Если бы не воспоминания, Сурина бы заинтересовало урочище Бузлыджа в новом своем виде. Дело в общем простое: берется гектар сухейшей пустыни, выравнивается бульдозером, бетонируется с уклоном к сардобам — огромным подземным резервуарам для будущей воды, — и площадка готова. Гектар каракумских дождей, собранных воедино, позволяет, оказывается, поить мощное стадо овец. И для колодца площадка большое подспорье. Ибо колодцы в пустыне нужно расходовать бережно, чтобы не пострадал водяной дебет-кредит…

Но Сурин просто увидел деревянный дом посреди пустыни, крохотную пристройку электрика, где тарахтел движок, бетонный сруб колодца невдалеке, доски, гравий, сгруженный Шукатом, и длинный навес, под которым была столовая. И еще увидел цистерну в сторонке. На цистерне каким-то чудом держалась кровать.
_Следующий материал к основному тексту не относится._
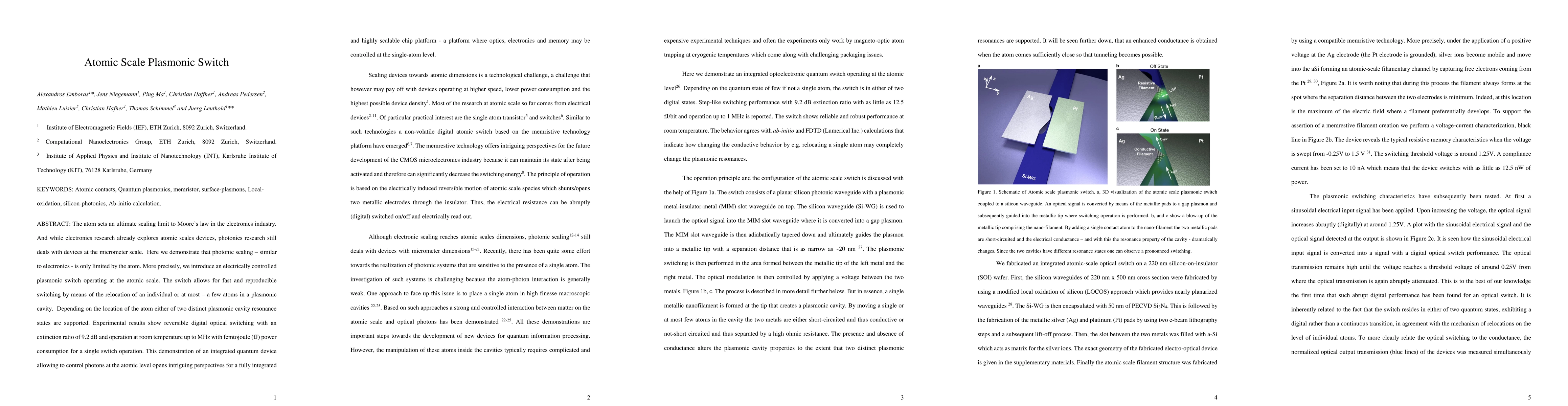 The paper introduces an electrically controlled single-atom plasmonic switch that enables fast and reproducible switching by relocating individual or a few atoms in a plasmonic cavity, demonstrating control of photons at the single-atom level.
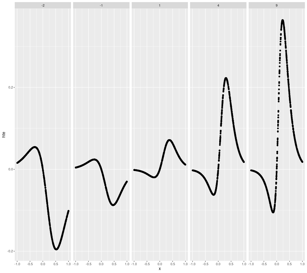 推定対象となるHTEをプロットすると次のようになります。上部の数値は処置効果の大きさのパラメータです。
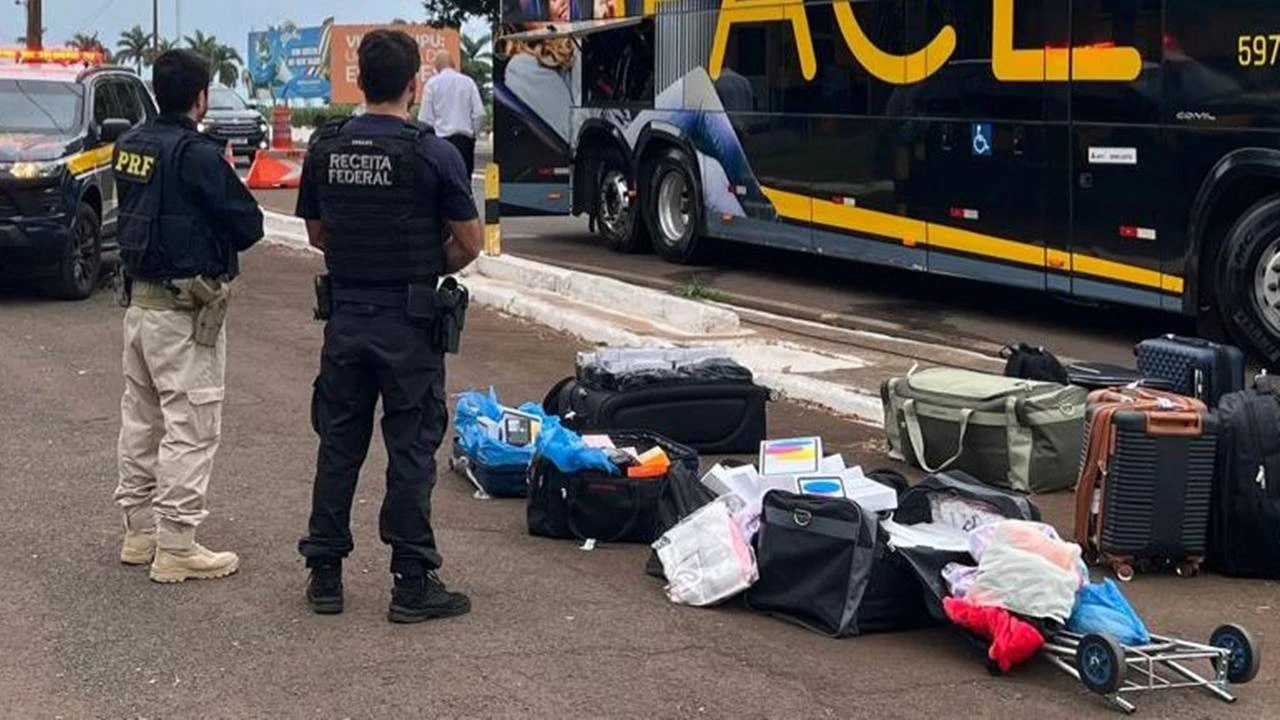 No interior do bagageiro havia tanta mala com produtos de descaminho que a PRF acionou a Receita Federal solicitando apoio operacional. Ao chegar, a Receita fez a apreensão do ônibus inteiro.
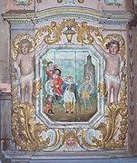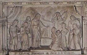 The martyrdom of St. Miliau, who holds his severed head as blood gushes from his neck. Retable of the Passion at Lampaul-Guimiliau.
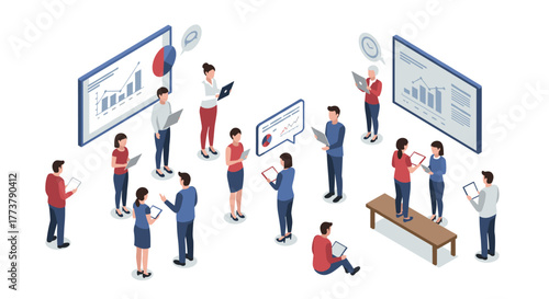 Stop violence sign and group of activists, protesters with placards, flags, flat vector isometric illustration. Stop violence protest.
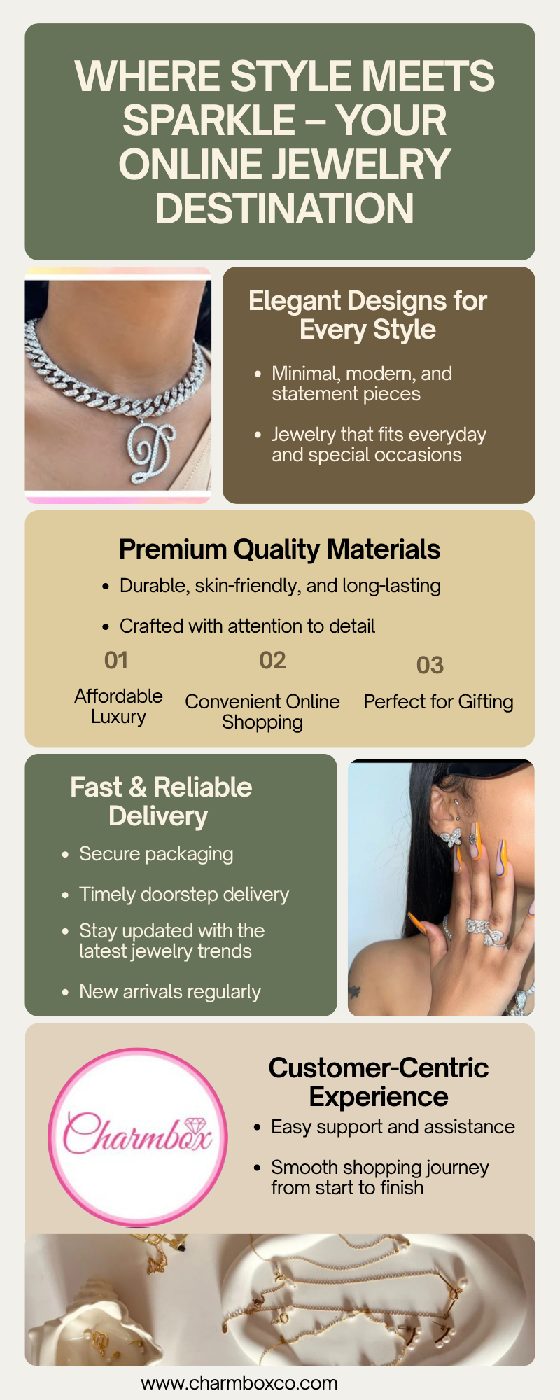Upgrade your style with our carefully curated collection of modern and elegant jewelry. Our online jewelry store brings you premium-quality pieces at affordable prices, making it easy to find the perfect accessory for any occasion. For more information Visit: https://charmboxx.medium.com/where-style-meets-sparkle-your-online-jewelry-destination-97780c9bfaad
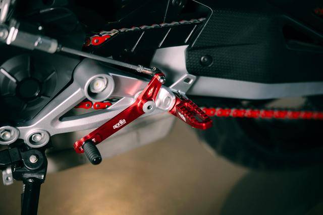 5、與 RS 457 相同的電子輔助控制系統(tǒng):標配了電子控制油門,牽引力控制系統(tǒng),三個可選(ECO 節(jié)能、Sport 運動、Rain 雨天)的騎行模式。另外,用戶還可選裝 AQS(Aprilia Quick Shift)雙向(升檔和降檔)快速換檔系統(tǒng);
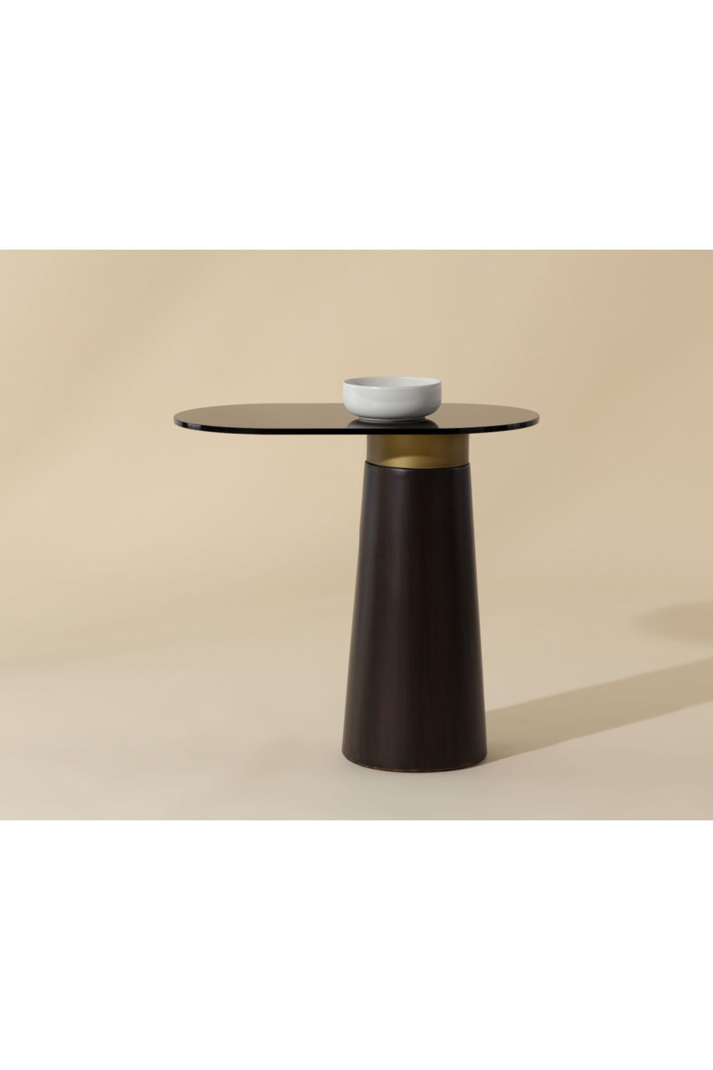 Defined by its fabulous form, this stunning end table features an unconventional shape that will captivate any space. Crafted with a black glass top and a dark brown concrete base with a timber effect. A powder coated brass metal rim completes the look. Crafted from a natural concrete mix, each piece will look different. Variations in color, texture, imperfections, surface scratches and non-structural hairline cracks are considered inherent and valued qualities of the material.

На кровати лежал человек, задумчиво шевеля босыми ногами, и курил прямо в небо.

— Дизелист, — кивнул на него Шукат. — Фаланг опасается, вон как устроился…

— Верное дело, без прокола, — усмехнулся Сурин, подивившись хитрости дизелиста.

Тут к ЗИЛу высыпала вся бригада, ибо новый человек — подарок в пустыне. Сурина затормошили, забросали именами, Знакомясь, потащили в дом. Почти весь дом занимали просторные нары на коллектив, устланные даже с некоторым кокетством цветными одеялами. В углу стоял узкий стол, крепкий, как сруб. У стола сидел крепкий, мосластый дядя в засученных брюках, и больше ни в чем, со шрамом через всю грудь. Он деловито стриг простыню, что-то из нее выкраивая. Когда поворачивался спиной к свету, между лопатками тоже проступал шрам. Еще длиннее, чем на груди. Оставила след разрывная, навылет…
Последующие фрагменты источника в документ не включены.